Campagnes présidentielles : « Je voudrais dire à la jeunesse d’être responsable, d’être une jeunesse qui peut aussi contribuer au développement de son pays mais pas à sa dégradation ».

Mme Barry Aissatou est présidente de l’association guinéenne des assistantes sociales AGUIAS et représentante de Child plan international en Afrique. À cette période de campagne électorale, actu-elles l’a approché pour qu’elle livre un message de paix. La paix, parce qu’en Guinée à l’approche des élections les tensions sont vives, la haine et l’ethnocentrisme rongent les guinéens. Pourtant le pays n’en a pas besoin.
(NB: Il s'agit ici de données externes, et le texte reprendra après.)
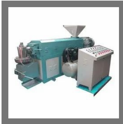
Blow Molding Machines
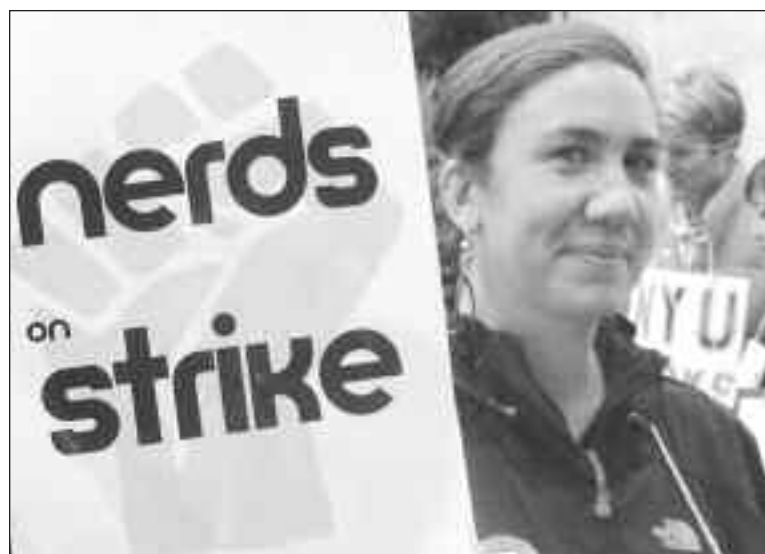
Geek chic was on display at NYU when graduate workers set up picket lines after they began a strike November 9. See article, page 6.

madame barry aguias A l’endroit de la mouvance et de l’opposition, Mme Barry demande de « mettre l’intérêt supérieur de la nation en avant. Et il faudrait dépasser toutes les tentions, pour faire de la Guinée un pays exemplaire. Que les accords soient respectés, puisque c’est des accords consensuels ».

Aux sages, elle leur dit de ne pas s’asseoir et regarder la Guinée bruler  ou s’écrouler sous leurs yeux. Ils n’ont qu’a se lever car ils sont comme les femmes, « c’est vrai que c’est la femme qui donne naissance, qui allaite et qui transmet au monde les vertus cardinales de la société. Mais eux aussi ils ont leur grain de sel  dans la situation. Alors qu’ils se lèvent comme un seul homme et rejoignent les femmes pour que chacun se calme en vue que les élections se fassent dans la plus grande transparence, pour la paix. Comme le dit ma grande sœur nous sommes des femmes qui mettons le feu, mais pas dans le pays plutôt sous la marmite, » nous apprend-t-elle.

A la population guinéenne, « je voudrais qu’elle sache que nous sommes un et indivisibles. Que tu sois malinké, soussou, peul ou forestier, nous sommes tous des enfants issus d’une même mère, certes d’un père différent. Et notre maman c’est la Guinée. Quelque soient nos problèmes aujourd’hui, on se rencontrera demain. Ce n’est pas interdit d’être dans un camps ou un autre, mais il faut savoir que nous sommes tous des frères, après nos différentes activités on se retrouvera tous dans la même case, on mangera dans le même bol. Donc il ne faut pas que les politiques nous divisent » implore Mme Barry Aissatou.

A la jeunesse, qui est la couche la plus facile à manipuler par les politiciens, Mme Barry  supplie « il ne faut pas sortir dans la rue. Je voudrais dire à la jeunesse d’être responsable, d’être une jeunesse qui peut aussi contribuer au développement de son pays mais pas à sa dégradation ».